Fate in Animals and Humans

Though both plants and soil microorganisms breakdown 2,4-DB to 2,4-D, no mention of this occurring in humans or animals was found in the literature.

ECOLOGICAL EFFECTS

2,4-DB is slightly to moderately toxic to fish. The LC50 value for the compound in the fathead minnow is 18 mg/l, 7.5 to 17 mg/l in the bluegill sunfish and 2 to 14 mg/l in the rainbow trout (2). No studies were available on the toxicity of the compound to freshwater or marine invertebrates.

Several dietary feeding tests indicate that the compound is practically non-toxic (LC50 values in excess of 5,000 mg/kg) to waterfowl and upland game birds (2).

The compound is non-toxic to bees when used as directed (1).

Because 2,4-DB is a broadleaf herbicide, the potential exists for the compound to be a threat to nontarget plants. However, the EPA has indicated that an assessment of its potential threat cannot be completed until additional information is gathered and analyzed (2).

ENVIRONMENTAL FATE

In soil, the compound is broken down by the action of soil microbes to the product 2,4-D. The half-life for the parent compound (2,4-DB) is seven days. 2,4-D is also a powerful herbicide though it too has a relatively short persistence in soil (up to 50 days depending on soil type, microbial activity, temperature and other factors) (4). 2,4-D has been detected in groundwater in at least five states and in Canada (5). Because of the risk of groundwater contamination from the whole family of 2,4-D related compounds, special advisories are required on the labels of end-use products containing 2,4-D and related products (including 2,4-DB).

There is no specific information available about the parent compound 2,4- DB in surface water or in groundwater.

In plants, the compound 2,4-DB is degraded to 2,4-D which is then broken down further to less toxic materials.
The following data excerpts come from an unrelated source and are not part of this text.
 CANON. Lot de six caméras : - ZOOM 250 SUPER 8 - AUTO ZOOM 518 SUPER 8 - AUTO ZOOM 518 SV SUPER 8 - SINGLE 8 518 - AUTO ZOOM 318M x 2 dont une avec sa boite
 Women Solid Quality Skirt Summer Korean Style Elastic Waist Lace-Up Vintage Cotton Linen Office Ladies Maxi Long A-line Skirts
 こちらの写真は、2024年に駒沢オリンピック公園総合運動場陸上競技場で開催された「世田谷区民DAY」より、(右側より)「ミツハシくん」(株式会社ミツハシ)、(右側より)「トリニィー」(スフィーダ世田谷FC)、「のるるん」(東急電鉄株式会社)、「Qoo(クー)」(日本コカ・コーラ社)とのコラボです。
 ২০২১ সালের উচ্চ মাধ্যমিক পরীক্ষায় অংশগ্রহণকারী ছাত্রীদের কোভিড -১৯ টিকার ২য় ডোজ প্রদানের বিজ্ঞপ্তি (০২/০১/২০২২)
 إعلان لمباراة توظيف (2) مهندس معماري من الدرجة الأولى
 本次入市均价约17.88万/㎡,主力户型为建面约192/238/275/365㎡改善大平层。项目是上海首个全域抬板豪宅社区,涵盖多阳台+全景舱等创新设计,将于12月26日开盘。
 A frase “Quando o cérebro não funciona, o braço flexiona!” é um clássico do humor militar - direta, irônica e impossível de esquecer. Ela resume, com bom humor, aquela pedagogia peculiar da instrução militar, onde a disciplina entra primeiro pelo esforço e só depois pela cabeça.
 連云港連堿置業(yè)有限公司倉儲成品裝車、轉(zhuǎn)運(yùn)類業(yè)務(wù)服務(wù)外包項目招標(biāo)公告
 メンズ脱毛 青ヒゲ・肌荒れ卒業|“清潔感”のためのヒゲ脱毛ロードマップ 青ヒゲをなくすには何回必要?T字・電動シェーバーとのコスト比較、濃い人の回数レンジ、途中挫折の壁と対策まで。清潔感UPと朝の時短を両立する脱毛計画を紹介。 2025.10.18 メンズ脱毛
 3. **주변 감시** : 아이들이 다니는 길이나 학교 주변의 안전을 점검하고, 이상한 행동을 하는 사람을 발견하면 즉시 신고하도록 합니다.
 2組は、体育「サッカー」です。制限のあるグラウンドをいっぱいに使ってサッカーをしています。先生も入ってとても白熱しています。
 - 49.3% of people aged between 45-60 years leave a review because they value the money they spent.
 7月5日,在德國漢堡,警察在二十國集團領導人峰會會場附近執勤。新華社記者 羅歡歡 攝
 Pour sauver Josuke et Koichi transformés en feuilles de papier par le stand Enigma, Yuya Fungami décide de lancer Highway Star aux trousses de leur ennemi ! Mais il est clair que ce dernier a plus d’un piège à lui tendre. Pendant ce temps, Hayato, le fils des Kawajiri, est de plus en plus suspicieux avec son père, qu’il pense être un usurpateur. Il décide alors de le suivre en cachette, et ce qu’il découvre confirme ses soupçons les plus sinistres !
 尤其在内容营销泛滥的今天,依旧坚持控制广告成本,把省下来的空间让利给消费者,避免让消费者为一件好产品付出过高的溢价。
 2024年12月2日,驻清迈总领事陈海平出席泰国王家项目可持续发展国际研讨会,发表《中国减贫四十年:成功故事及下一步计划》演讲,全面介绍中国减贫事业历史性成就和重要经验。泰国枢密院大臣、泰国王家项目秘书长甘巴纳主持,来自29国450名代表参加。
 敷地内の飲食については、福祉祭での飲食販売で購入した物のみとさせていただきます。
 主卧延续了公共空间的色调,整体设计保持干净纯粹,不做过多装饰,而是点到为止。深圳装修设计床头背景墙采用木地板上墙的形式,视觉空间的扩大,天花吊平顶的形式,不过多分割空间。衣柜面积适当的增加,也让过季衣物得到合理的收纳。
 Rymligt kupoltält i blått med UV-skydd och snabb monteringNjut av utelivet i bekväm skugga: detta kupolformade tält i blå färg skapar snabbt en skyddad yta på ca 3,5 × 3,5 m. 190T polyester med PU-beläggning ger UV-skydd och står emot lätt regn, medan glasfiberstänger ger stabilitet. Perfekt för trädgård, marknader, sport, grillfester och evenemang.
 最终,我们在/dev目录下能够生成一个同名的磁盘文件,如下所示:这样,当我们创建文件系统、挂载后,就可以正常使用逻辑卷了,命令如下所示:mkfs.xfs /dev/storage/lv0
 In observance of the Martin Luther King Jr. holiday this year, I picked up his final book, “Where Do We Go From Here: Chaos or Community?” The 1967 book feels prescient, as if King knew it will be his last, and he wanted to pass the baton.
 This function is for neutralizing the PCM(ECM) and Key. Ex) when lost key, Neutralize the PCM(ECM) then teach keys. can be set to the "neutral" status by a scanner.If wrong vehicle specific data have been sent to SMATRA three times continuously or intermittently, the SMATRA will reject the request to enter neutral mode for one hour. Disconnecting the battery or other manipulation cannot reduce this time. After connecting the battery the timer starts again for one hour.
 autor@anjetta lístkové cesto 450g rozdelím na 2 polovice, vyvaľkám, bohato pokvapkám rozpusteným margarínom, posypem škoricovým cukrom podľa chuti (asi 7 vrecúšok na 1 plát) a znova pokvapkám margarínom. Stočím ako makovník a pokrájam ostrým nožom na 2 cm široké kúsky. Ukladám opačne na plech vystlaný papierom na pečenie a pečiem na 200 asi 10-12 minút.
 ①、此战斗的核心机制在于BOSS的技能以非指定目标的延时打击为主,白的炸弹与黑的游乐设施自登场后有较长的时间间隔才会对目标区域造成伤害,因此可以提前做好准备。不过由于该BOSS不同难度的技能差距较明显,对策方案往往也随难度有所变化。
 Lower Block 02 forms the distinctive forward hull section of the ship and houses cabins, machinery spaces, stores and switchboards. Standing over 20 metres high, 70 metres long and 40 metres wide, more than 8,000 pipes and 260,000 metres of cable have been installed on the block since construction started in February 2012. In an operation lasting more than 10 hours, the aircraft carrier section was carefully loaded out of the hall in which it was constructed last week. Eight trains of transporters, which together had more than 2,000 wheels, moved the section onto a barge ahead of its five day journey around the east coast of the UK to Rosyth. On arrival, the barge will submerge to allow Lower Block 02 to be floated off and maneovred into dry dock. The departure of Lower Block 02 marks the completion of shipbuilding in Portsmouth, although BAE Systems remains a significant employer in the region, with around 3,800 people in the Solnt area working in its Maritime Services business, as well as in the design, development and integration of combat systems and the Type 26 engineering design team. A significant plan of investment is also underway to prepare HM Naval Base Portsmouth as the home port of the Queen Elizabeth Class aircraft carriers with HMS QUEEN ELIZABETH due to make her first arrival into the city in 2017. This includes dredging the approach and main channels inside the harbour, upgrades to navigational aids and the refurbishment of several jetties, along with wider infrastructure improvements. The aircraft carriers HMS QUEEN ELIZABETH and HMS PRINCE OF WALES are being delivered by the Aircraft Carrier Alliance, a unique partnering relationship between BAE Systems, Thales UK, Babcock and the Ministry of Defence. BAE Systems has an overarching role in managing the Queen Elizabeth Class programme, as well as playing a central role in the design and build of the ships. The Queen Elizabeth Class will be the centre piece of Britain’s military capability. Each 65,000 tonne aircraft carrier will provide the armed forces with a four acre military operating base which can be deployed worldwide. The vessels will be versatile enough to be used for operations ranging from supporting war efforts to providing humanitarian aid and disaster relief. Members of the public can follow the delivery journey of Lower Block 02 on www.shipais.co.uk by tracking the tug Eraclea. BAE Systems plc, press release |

In plants tolerant to the herbicide, the breakdown from 2,4-DB to 2,4-D is very slow (1).

Exposure Guidelines:

NOEL: 3 mg/kg/day
ADI: 0.01 mg/kg/day (provisional)
HA: NA
Rfd: NA
TLV: NA

Physical Properties:

Common name: 2,4-DB
CAS #: 94-82-6
Chemical name: 4-(2,4-dichlorophenoxy) butyric acid
Chemical class: phenoxy
Chemical Use: herbicide
Solubility in water: 46 mg/l at 25 degrees C
Solubility in solvent: Readily soluble in acetone, ethanol, diethyl ether. Slightly soluble in benzene, toluene and kerosene.
Melting point: 117-119 degrees at 25 degrees C
Vapor pressure: negligible (acid and salts)

BASIC MANUFACTURER

Rhone Poulenc Ag. Co.
P.O. Box 12014
2 T.W. Alexander Drive
Research Triangle Park, NC 27609
Telephone: 919-549-2000
FAX: 919-549-4689

Review by Basic Manufacturer:

Comments solicited: June, 1993
Comments received:

REFERENCES

  1. The Agrochemicals Handbook. 1991. The Royal Society of Chemistry. Cambridge, England.
  2. Walker, Mary M. and L.H. Keith. 1992. EPA's Pesticide Fact Sheet Data Base. Lewis Publishers. Chelsea, MI.
  3. The Farm Chemicals Handbook. 1992. Meister Publishing. Willoughby, OH.
  4. National Research Council Canada. 1978. Phenoxy Herbicides --Their Effects on Environmental Quality with Accompanying Scientific Criteria for 2,3,7,8-Tetrachlorodibenzo-p-Dioxin (TCDD). Subcommittee on Pesticides and Related Compounds, NRC Associate Committee on Scientific Criteria for Environmental Quality, Ottawa, Canada.
  5. Howard, Philip H. 1991. Handbook of Environmental Fate and Exposure Data for Organic Chemicals. Lewis Publishers. Chelsea, MI.